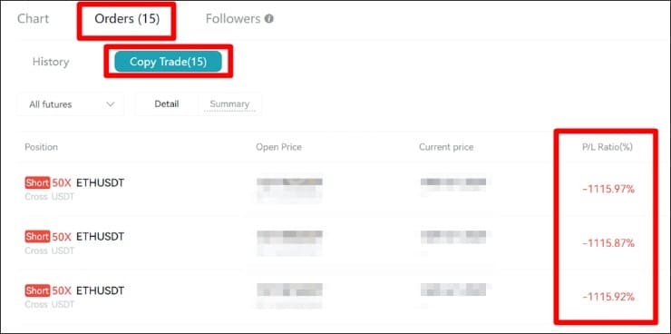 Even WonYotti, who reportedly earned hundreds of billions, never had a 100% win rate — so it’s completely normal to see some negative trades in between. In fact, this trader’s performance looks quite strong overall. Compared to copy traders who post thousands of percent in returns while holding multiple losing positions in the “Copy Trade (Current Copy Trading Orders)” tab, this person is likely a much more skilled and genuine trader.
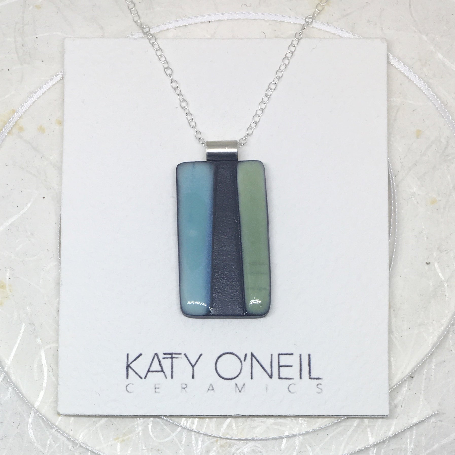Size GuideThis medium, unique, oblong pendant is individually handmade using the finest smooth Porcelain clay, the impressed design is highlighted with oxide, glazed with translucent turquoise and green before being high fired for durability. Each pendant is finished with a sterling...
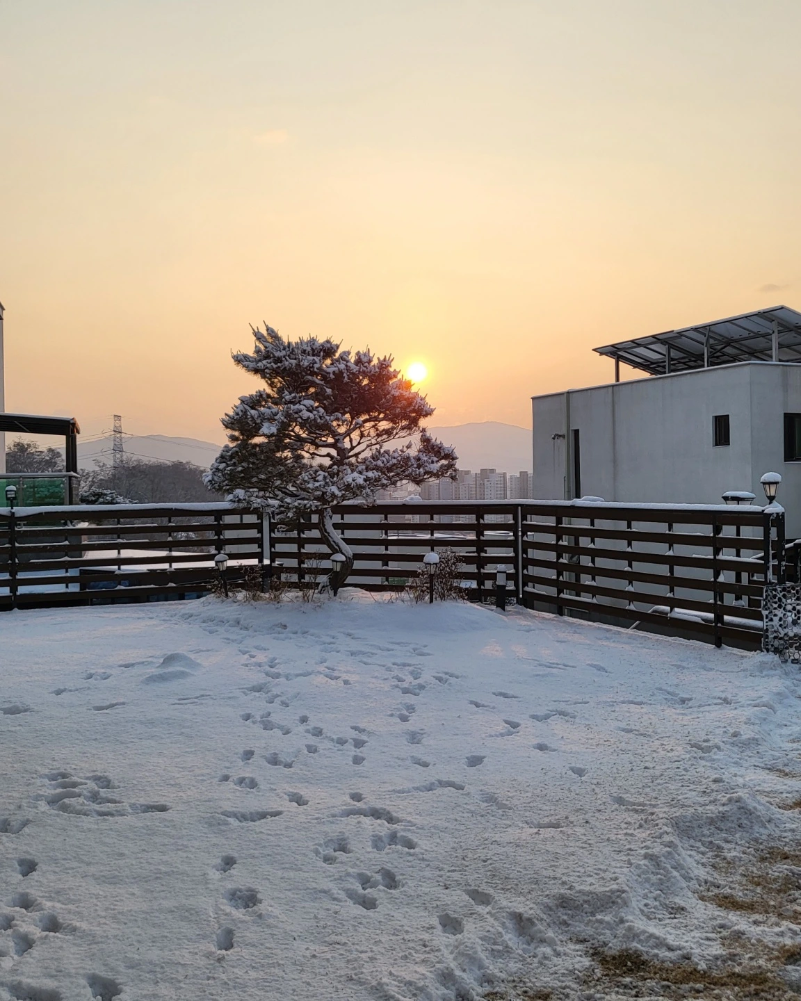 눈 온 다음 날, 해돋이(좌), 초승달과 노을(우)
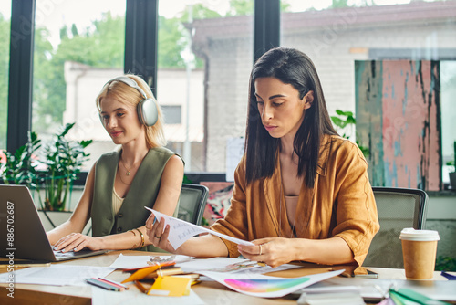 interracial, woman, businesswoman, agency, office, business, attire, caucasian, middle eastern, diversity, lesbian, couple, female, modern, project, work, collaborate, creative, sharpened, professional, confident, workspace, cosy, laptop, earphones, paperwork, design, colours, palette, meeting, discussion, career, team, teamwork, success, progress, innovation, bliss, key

**Exercise aim:** None of the pictures belong in the copy. Write out exactly the lines from the line that holds "눈 온 다음 날, 해돋이(좌), 초승달과 노을(우)" through the last line of the listing above, both ends included.

**Answer box:**
 눈 온 다음 날, 해돋이(좌), 초승달과 노을(우)
 interracial, woman, businesswoman, agency, office, business, attire, caucasian, middle eastern, diversity, lesbian, couple, female, modern, project, work, collaborate, creative, sharpened, professional, confident, workspace, cosy, laptop, earphones, paperwork, design, colours, palette, meeting, discussion, career, team, teamwork, success, progress, innovation, bliss, key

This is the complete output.